A REWRITE operation for an ISAM file is dependent on whether the DUPLICATES clause for the primary key is specified. There is an ambiguity when DUPLICATES is specified in one way at the time a file is created, and another way when it is reopened (a program should use the same declarations). Both Compaq COBOL for OpenVMS VAX and Compaq COBOL for OpenVMS Alpha use the specification of the current program.
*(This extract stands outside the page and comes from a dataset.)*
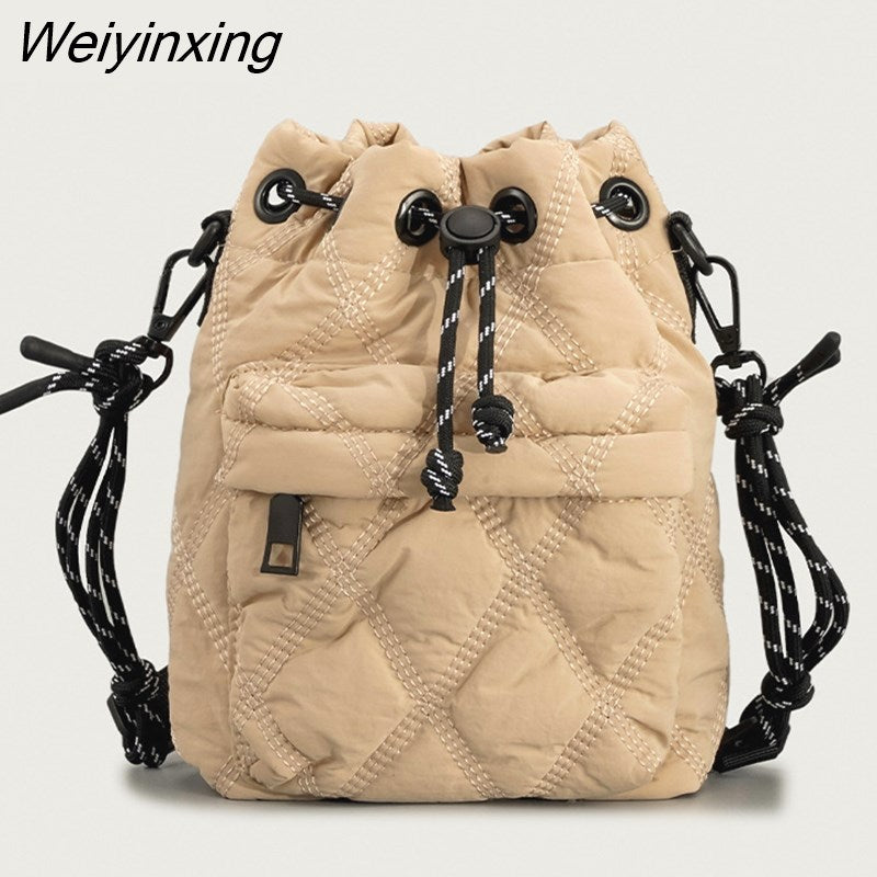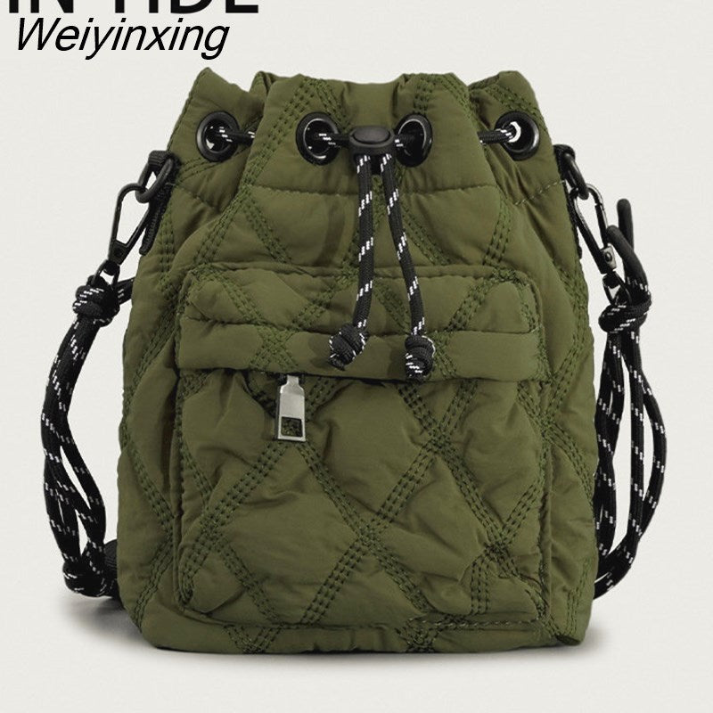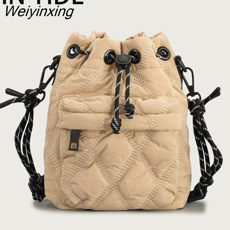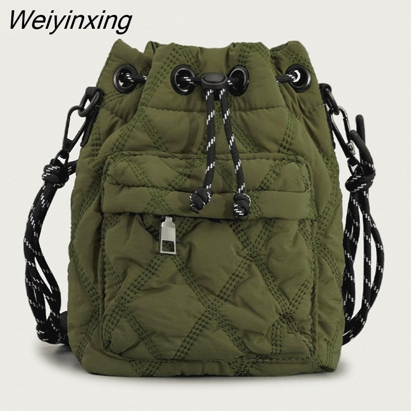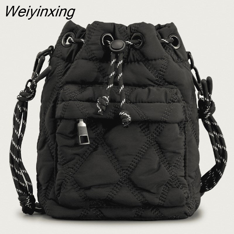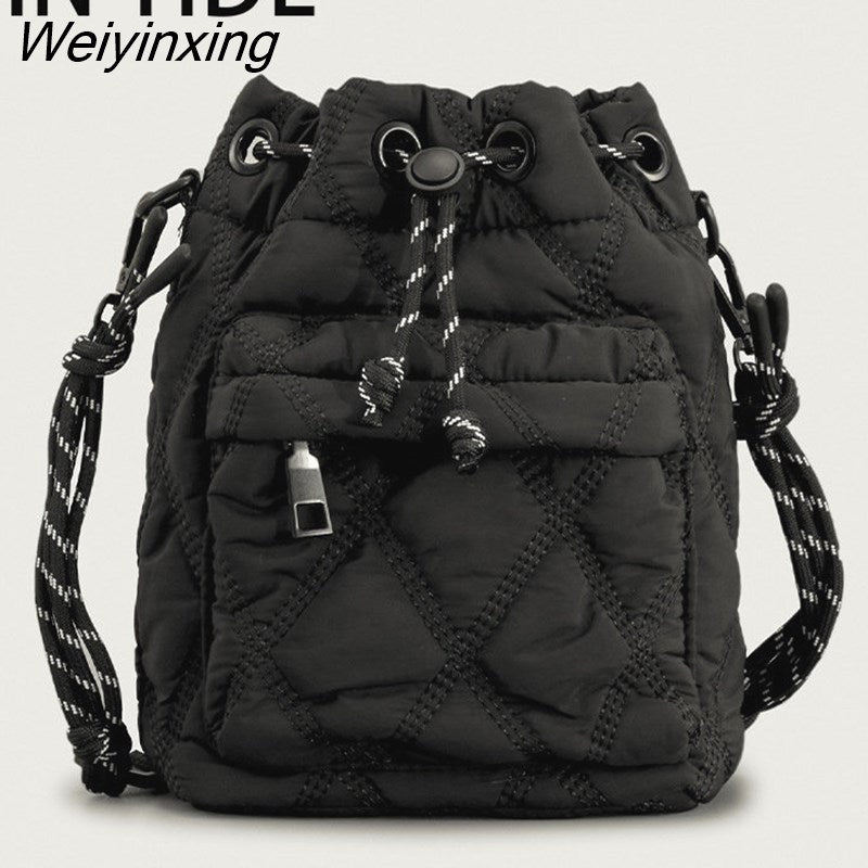 Weiyinxing Nylon Padded Women Shoulder Bags Quilted Drawsting Crossbody Bag Vintage Bucket Bag Small Tote Female Purses 2023 Winter

So, if DUPLICATES was specified for the primary key when a file was created, but not when reopened by the current program, the behavior will be as if DUPLICATES were not allowed.

Compaq COBOL for Tru64 UNIX issues a severe run-time error if there is a mismatch, unless relax key checking (the -rkc flag) is specified, in which case the behavior is inconsistent. In many cases, you will get the behavior of the specification when the file was created, but you should not rely on this.

B.5.2 File Sharing and Record Locking

With Compaq COBOL for Tru64 UNIX, certain file-sharing and record-locking operations might behave differently from the same operations on Compaq COBOL on OpenVMS Alpha. Compaq COBOL for Tru64 UNIX issues warning diagnostics where applicable.

• File sharing for sequential and relative files on all systems remains essentially the same.
• File sharing for indexed files has the following limitation: The OPEN statement ALLOWING READERS phrase is minimally supported for indexed files on Tru64 UNIX systems. Using the ALLOWING READERS phrase for indexed files is not recommended.
• File-sharing protocols for all file organizations are in effect for Tru64 UNIX systems for the OPEN statement in OUTPUT mode, which is similar to EXTEND and I-O modes. On Tru64 UNIX systems, access is denied or granted depending on the file lock requested and the file lock held (with the exception of the READERS support noted previously). On OpenVMS Alpha, a new version of the file is always created.
• On Tru64 UNIX, manual record locking for files with the indexed organization has the following limitations:
  • For the READ and START statements, the REGARDLESS phrase is not fully supported. The read or start operation is performed but the soft record lock status is not returned.
  • The START statement does not detect or acquire a record lock.
  • The READ statement with the ALLOWING READERS phrase is not supported. It is treated as NO OTHERS if the file is opened in I-O mode or it is treated as ALL if the file is opened in INPUT mode.
  • The REWRITE and WRITE statements do not retain record locks.
  • The (current) RECORD phrase is not supported for the UNLOCK statement. The ALL RECORDS phrase is assumed for all UNLOCK statements.